Mahpus çocukların haklarının korunması adına acil yapılması gerekenler neler?

Hapishane kapılarının STK’lara açılması gerekir. Bu aynı zamanda aileler için de geçerli. Biz nasıl bilgiye erişemiyorsak aileler de erişemiyor. Denetim mekanizmalarının çocuk odaklı başvuru yöntemleri belirlemesi gerekiyor. Şikâyetlerini iletemeyen çocuklar var. Sonrasında misillemeye maruz kalma endişesi taşıyorlar. Dolayısıyla denetim mekanizmalarının yeniden tartışılması gerekiyor. En acil ihtiyaç bu.

Çocukların görüşünü ve desteğini almaktan bahsediyorsunuz ancak, genel algı “çocuk haklarını bilmez, anne baba söyler” üzerine kurulu…

Kafa karıştırıcı bulgulardan bir tanesi: çocuklardan yarısından fazlasının gerçekleştirdiği eylemin suç olduğunu farkında olmaları. Suç örgütlerinin eline düşüyorlar falan değil, çocuklar yaptıklarının kanunda suç olduğunun bilincinde. Bunları hangi ihtiyaçlardan dolayı yapıyorlar asıl sorulması gereken soru bu! Suç olduğunu bilmelerine rağmen bunu tercih etmeleri aslında birçok şeyi tartışmanız gerektiğini de ortaya koyuyor. Çocukların kamusal ve sivil alanda kendilerini ifade edecekleri alan yok. STK’lar bu ortamları yaratmaya başladı. Biz bu işin özneleri olmadan bu işi nasıl yapabileceğimizi konuşursak yine bir tahakküm ilişkisi kurmuş oluruz.
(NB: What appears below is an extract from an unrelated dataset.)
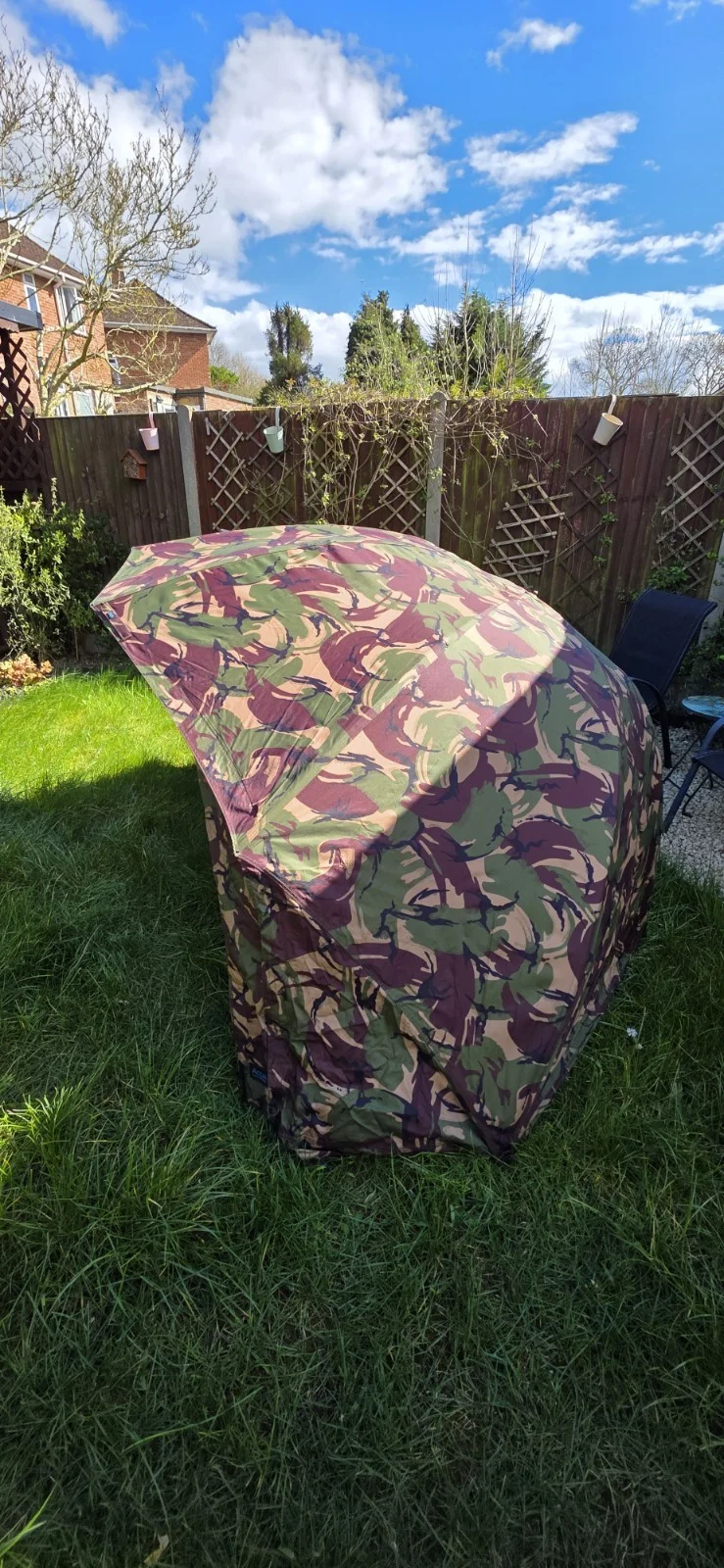 Aqua Fast and Light Mk2 DPM. The brollys main material is in brilliant condition. Been used around 10 times since new. Unfortunately some of the seams around the block and bottom of the brolly are coming undone and can see light through the material as shown in the pictures. This will probably be repairable. A shame as the brolly in general is very good condition. Thanks.
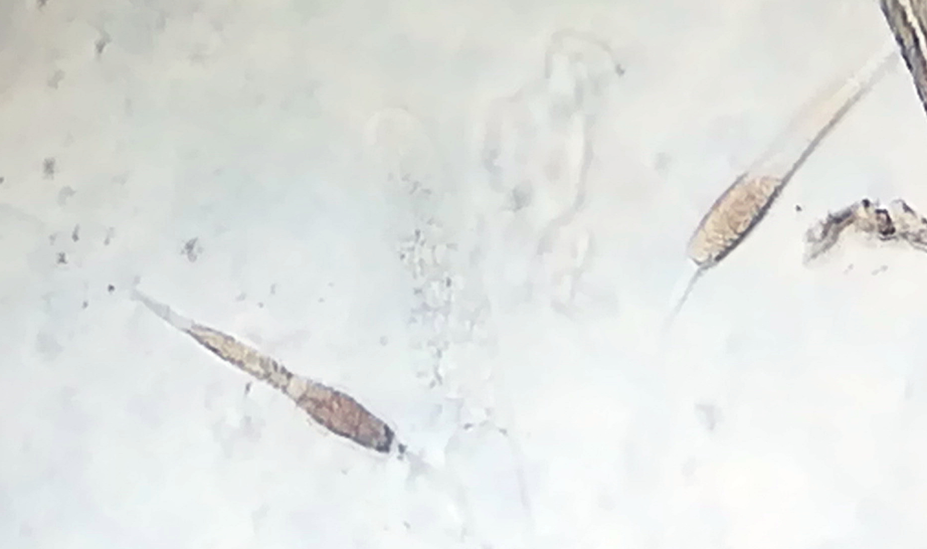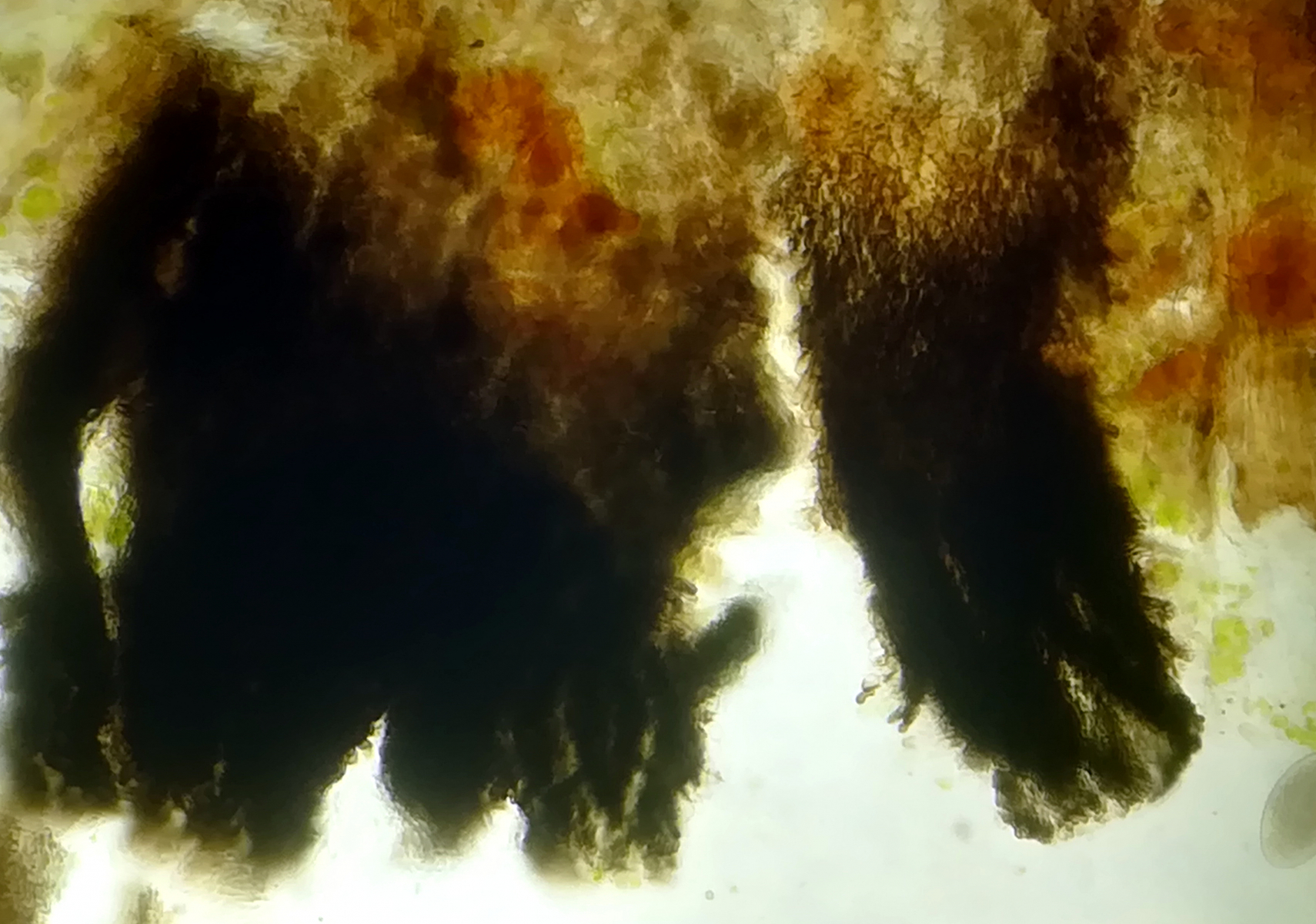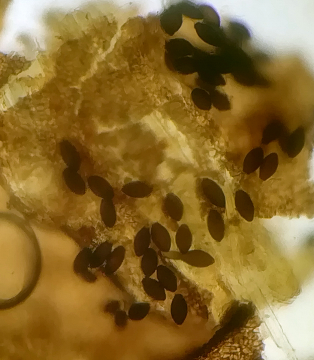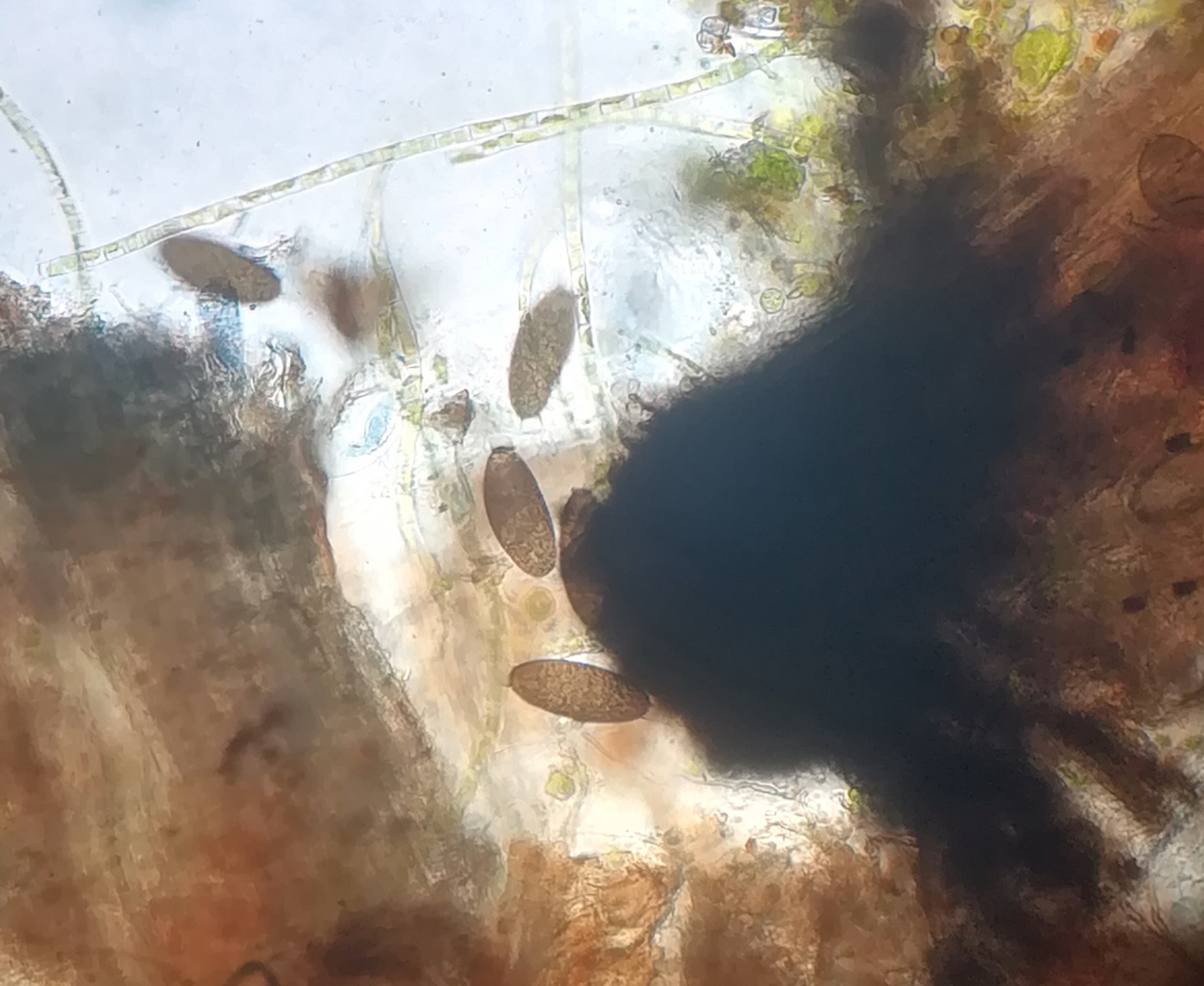 - Die Sporen habe ich mit 9,5 - 10,7 x 7 - 8,5 x 5 - 5,7 µm gemessen. Sie sind von einer dicken Gelhülle umgeben und die Keimspalte zieht sich über die komplette Länge der Sporen

Tahakküm ilişkisini ortadan kaldırmak, çocukların da gayet  yetişkin bireyler gibi özgün düşüncelerinin olduğunu anlayabilirsek çocukların neye ihtiyacı olduğunu anlayabiliriz. Hapishaneye ihtiyaçları olmadığı çok aşikar. Başka türlü bir sisteme ihtiyaç var. Bu toplumsal tartışmaları yapmayı gerektiriyor. Bir çocuk oturup yoksulluğu tartışabilir sizinle. Kendi ailesine destek olmak için kendisinin çalışmayı tercih ettiği bir süreç olabilir, bu tüketim toplumunda çocuk bir şeyi çalmayı seçebilir. Çocuklarla pek çok şeyi tartışmak mümkün. Bu hapishane meselesini de tartışabilirsiniz. Onlar olmadan bunları tartışmak işe yaramayabilir.

*Hemra Nida Köse’ye katkılarından dolayı teşekkür ederim.